Think of the sun as your new center of gravity. It’s a powerful force that, if you get too close, will pull you toward it. Why shoot for the moon when you can aim for the sun?
Make your goal lofty, because why not?
Here’s how you do it:
- Mental preparedness: Read books, blogs, and LinkedIn posts about your passion. Who are the pioneers of your industry? You can learn so much for free, and it’ll have a positive effect on your mindset.
- Physical preparedness: Stay physically active to keep your mind and body stimulated. If you look good, you play good.
- Prevent yourself from being overwhelmed: Set timers for your work. Work on weekends, but cut yourself off. You don’t burn yourself out and quit on your vision.
- Separate work and pleasure: I thought I’d be making $8K per month right now selling digital products. I undershot my estimate quite a bit, but it’s okay. Instead, I’m focusing on improving my livelihood through a day-job first. That takes the pressure off my writing so I can enjoy the process.
Vision is what separated Steve Jobs from his competitors. Others pushed to create the next great technology, but Jobs let himself be pulled by it.
You will know when your vision pulls you. It might be an unfamiliar feeling, but it’s distinct. It’s not always going to be a linear-pull either. Working toward your vision is a bumpy ride.
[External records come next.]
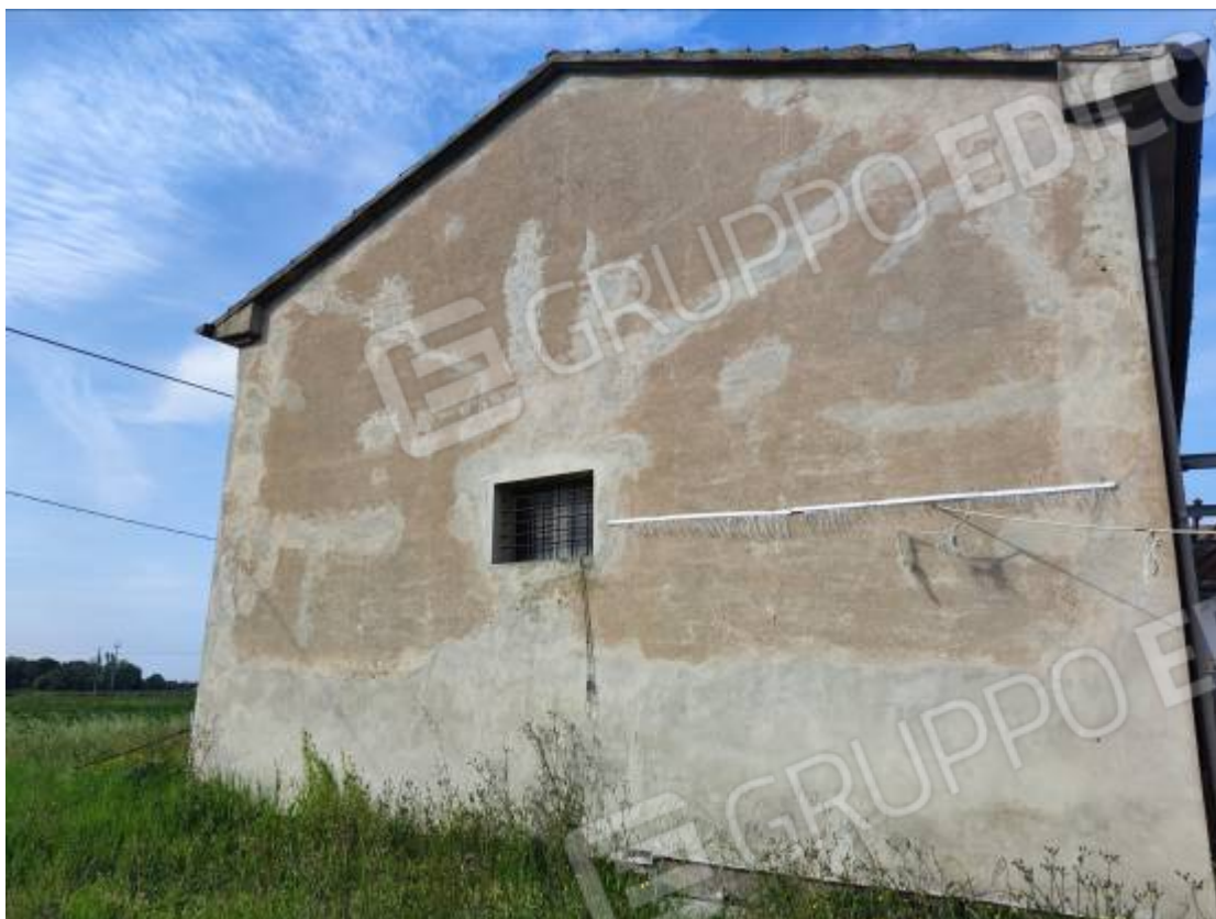
Vista del capannone 1 prospetto sud
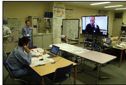
ホットライン訓練状況(山形河国)
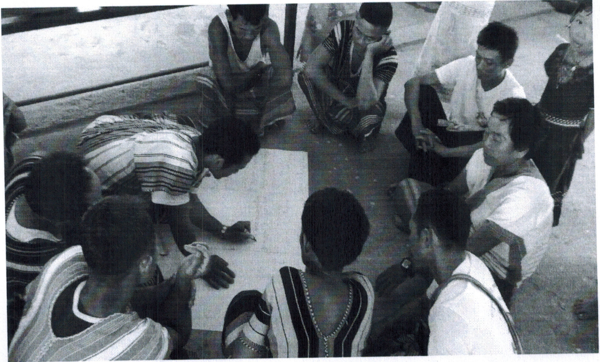
ကျေးရွာဖွံ့ဖြိုးရေးအစီအစဉ်ဆောင်ရွက်မှုမှတ်တမ်းဓာတ်ပုံများ
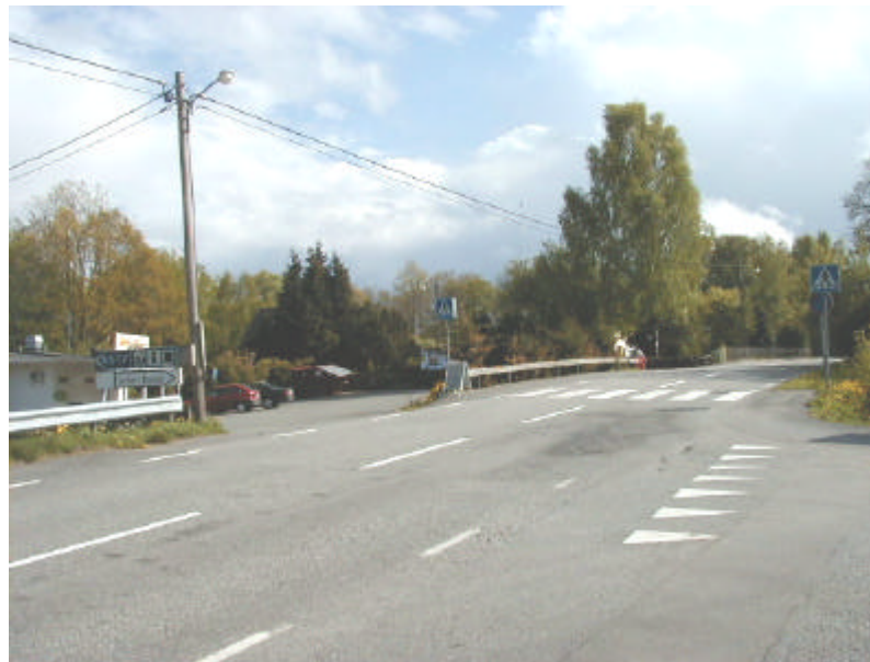
Bild 4 Immelns väg korsningen vid kiosken

Vägverket är väghållare för den allmänna vägen, Immelvägen, väg 2056. Vägen är ca 5,5 m bred och är inom Immelns samhälle försedd med en trottoar på vägens östra sida. Vägen går parallellt med sjön Immeln mellan väg 2101 och 2051.
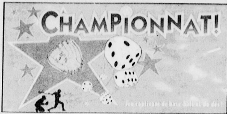
Le jeu «Championnat» est de conception et fabrication québécoise.
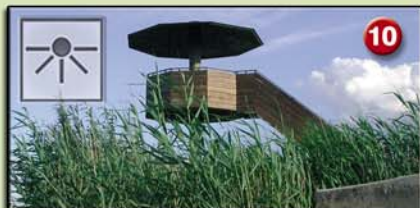
10 PONT DEL TRAVÉS (Parasol. 3m. 1994) Ambients naturals: bassa i canyissars. Aus més característiques: fotges, ànecs, cabussos, rapinyaires, ardeïds, flamencs, gavines i fumarells.
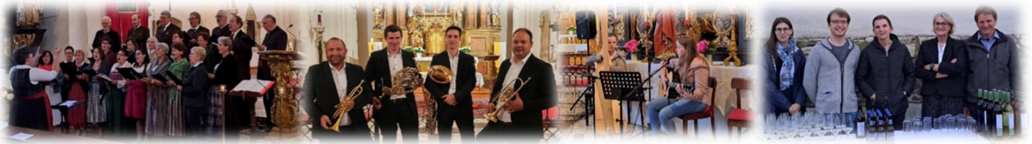
Lange Nacht der Kirchen in Bad St. Leonhard mit Benefizkonzert, Agape und Messweinverkostung
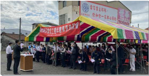
▲訓練學員配搭高雄高樹鄉開展

我們看見宇宙中的事只能出於神，不能出於人；不在乎人為神作甚麼，乃是在乎神為人作甚麼。我們的開展不憑著自己的熱心，操練凡事都禱告並憑著靈而行，成就神心所願。五週以來，共有二百八十八人相信受浸，增出了二十個排，一個區，並新增了新北市召會十三會所。學員們在各方面都更多經歷基督，並與眾聖徒配搭，將神命定之路的模型實行出來。
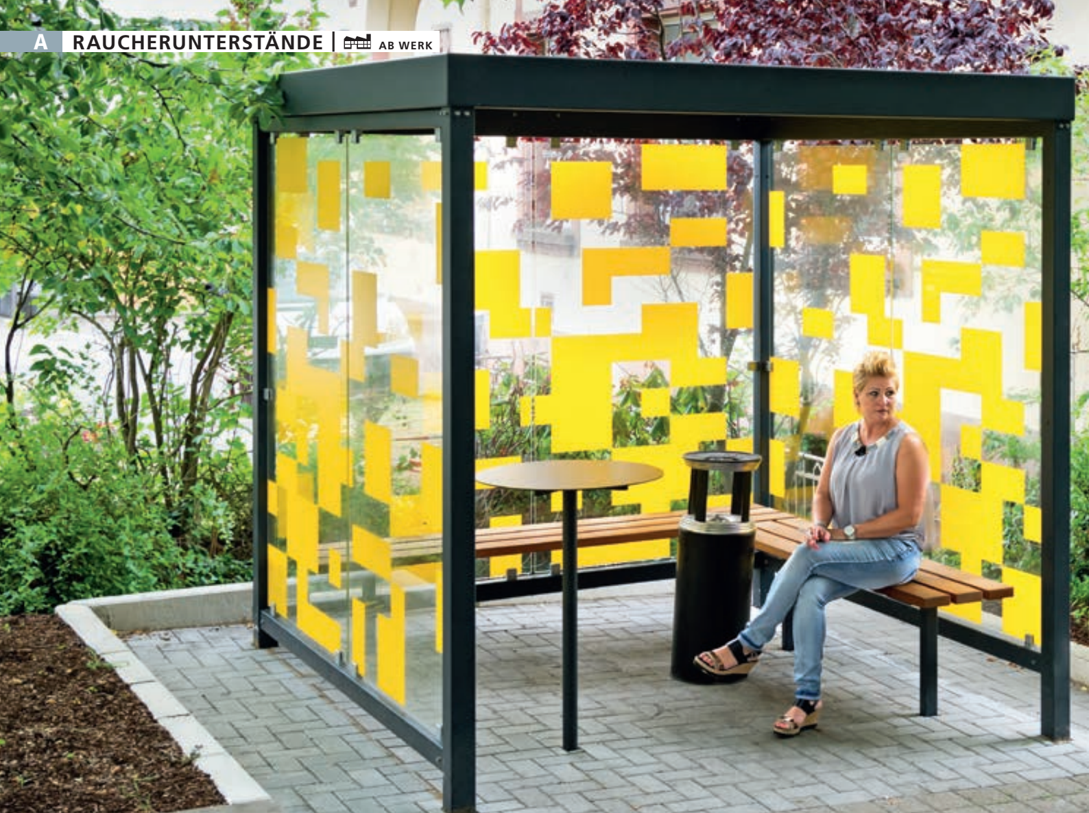
Raucherunterstand TOBACCO, Dachbreite x Dachtiefe 2400 mm x 2400 mm, mit Rück- / Seitenwänden, zweiseitige Sitzbank TOBACCO, Abfallbehälter / Ascher CALGARY sowie Stehtisch BISTROT, Stahlkonstruktion in RAL 7016 anthrazitgrau, Scheibendekorbeklebung bauseits
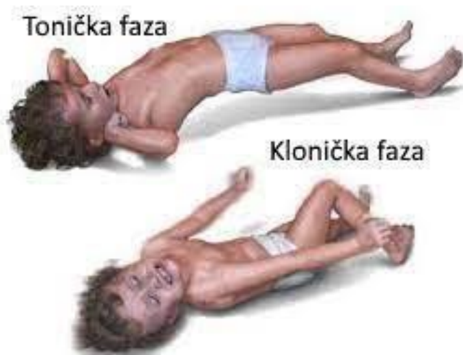
Slika 3.1. Prikaz toničke i kloničke faze (6)
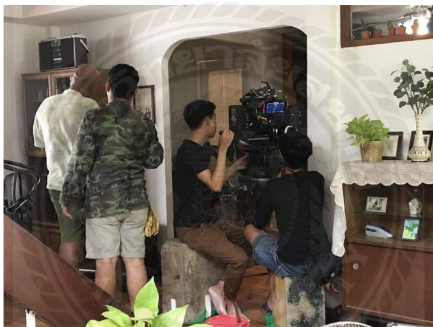
รูปที่4.5 ออกกองเพื่อถ่ายวีรลออนไลน์

การออกกองถ่ายวีรลวิดีโอ คือ การถ่ายวิดีโอเพื่อนำไปลงในสื่อออนไลน์ไม่ว่าจะเป็น Fanpage Facebook หรือ Youtube โดยโปรดิวเซอร์มีหน้าที่ดูแลว่านักแสดงต้องทำท่าทางแบบไหน ต้องแต่งตัวแบบไหนชุดไหนเข้าฉาก เป็นการวางแผนมาแล้ว ในก่อนหน้านี้จากการหารเฟอเฟอเรน ทั้งเสื้อผ้า หน้าผม ท่าทาง ว่าให้ออกมาแนวไหน อารมณ์ไหน ตามคอนเซปที่ลูกค้าอยากได้ ขณะถ่ายทำเพื่อแก้ไขและแนะนำความต้องการของลูกค้าแก่ โปรดักชั่นเฮาส์
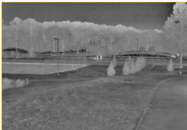
Sii AT 19mm
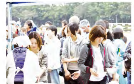
日赤奉仕団のおにぎり・豚汁に大行列!
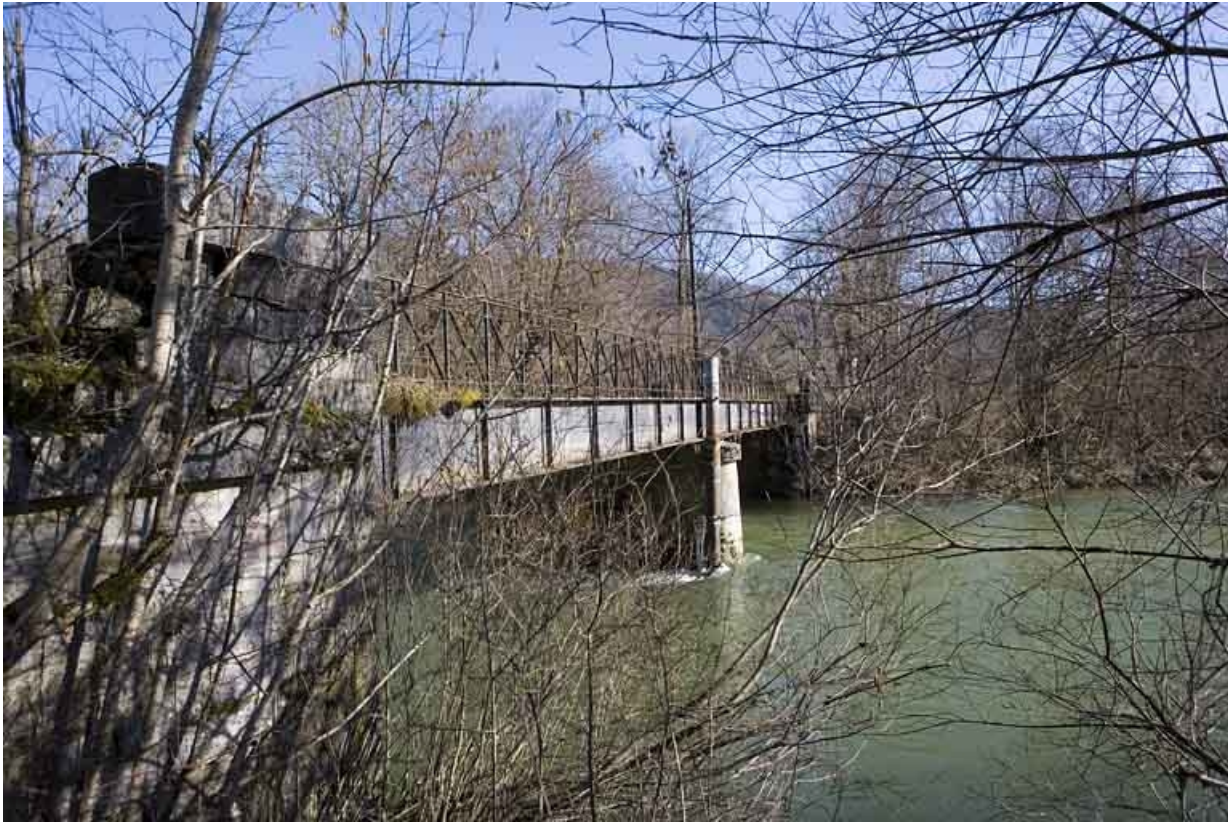
Vue en enfilade, depuis la rive gauche en amont.

39, Syam chemin de la Gare, lieudit : les Forges

Your vision will flux and push and pull you at times. Your feelings will go through a spin cycle. You’ll doubt your abilities and give up from time to time.
But when you give up, yet always return the vision, that’s pull. When you write five articles one month but write 15 the next, that’s pull. Time and patience remain the foundation your vision is built upon.
Your success comes down to a feeling. Your life force is consistent with your environment. Putting yourself in an optimal position matters, but the willingness to be pulled off your feet is vital.